## Given records
────────────────

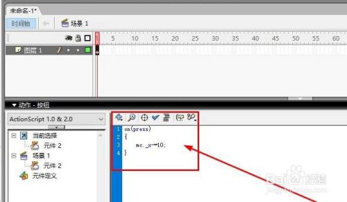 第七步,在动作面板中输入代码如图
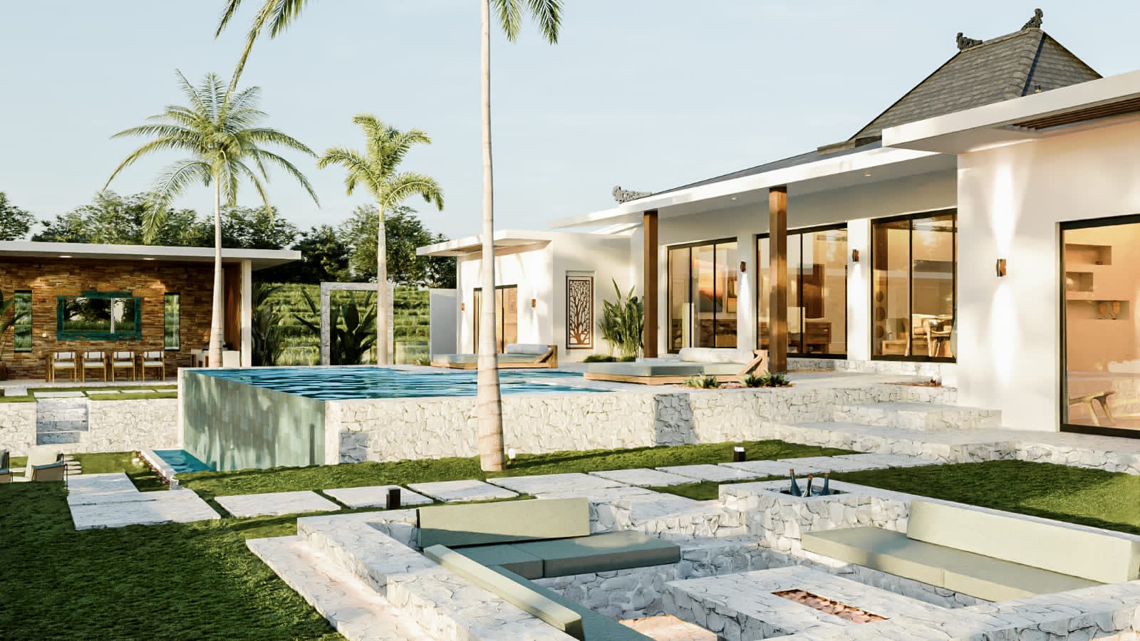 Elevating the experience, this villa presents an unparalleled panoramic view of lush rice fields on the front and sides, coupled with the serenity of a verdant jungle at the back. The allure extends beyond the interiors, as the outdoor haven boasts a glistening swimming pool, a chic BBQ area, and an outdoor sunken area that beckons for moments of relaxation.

────────────────

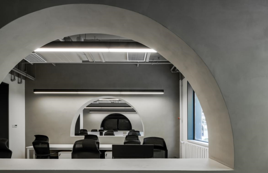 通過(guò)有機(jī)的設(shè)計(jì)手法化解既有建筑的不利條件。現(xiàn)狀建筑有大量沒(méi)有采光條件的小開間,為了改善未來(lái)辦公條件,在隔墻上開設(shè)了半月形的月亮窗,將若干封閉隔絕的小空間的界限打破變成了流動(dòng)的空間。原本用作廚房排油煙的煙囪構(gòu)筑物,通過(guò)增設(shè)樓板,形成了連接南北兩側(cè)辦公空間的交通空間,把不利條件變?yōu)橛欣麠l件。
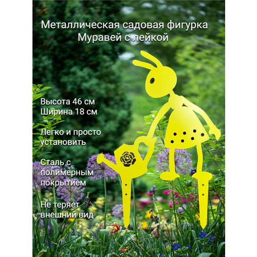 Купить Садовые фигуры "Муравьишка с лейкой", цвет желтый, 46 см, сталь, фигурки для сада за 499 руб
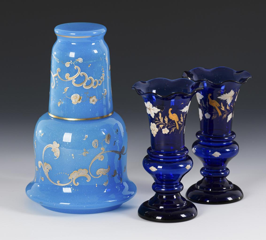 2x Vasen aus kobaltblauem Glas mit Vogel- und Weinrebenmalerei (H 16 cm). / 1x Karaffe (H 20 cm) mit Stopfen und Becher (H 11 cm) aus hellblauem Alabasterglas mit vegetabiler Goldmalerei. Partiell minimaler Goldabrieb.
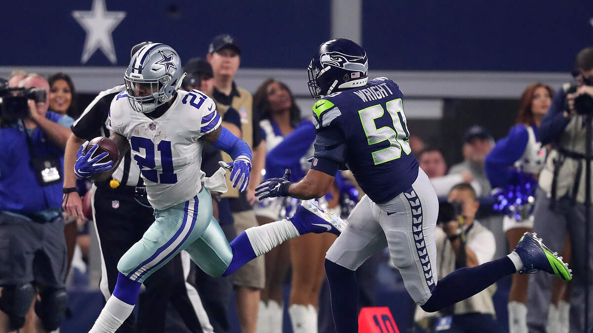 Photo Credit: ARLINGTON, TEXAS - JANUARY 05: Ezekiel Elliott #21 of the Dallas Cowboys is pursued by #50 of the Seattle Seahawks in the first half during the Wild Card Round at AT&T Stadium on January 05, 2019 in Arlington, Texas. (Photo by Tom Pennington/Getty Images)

────────────────

## Instructions to follow
Within the entries above, give again exactly the lines starting at the one that contains "第七步,在动作面板中输入代码如图" and ending at the one that contains "Elevating the experience, this", leaving out the pictures.

## Output of the exercise
 第七步,在动作面板中输入代码如图
 Elevating the experience, this villa presents an unparalleled panoramic view of lush rice fields on the front and sides, coupled with the serenity of a verdant jungle at the back. The allure extends beyond the interiors, as the outdoor haven boasts a glistening swimming pool, a chic BBQ area, and an outdoor sunken area that beckons for moments of relaxation.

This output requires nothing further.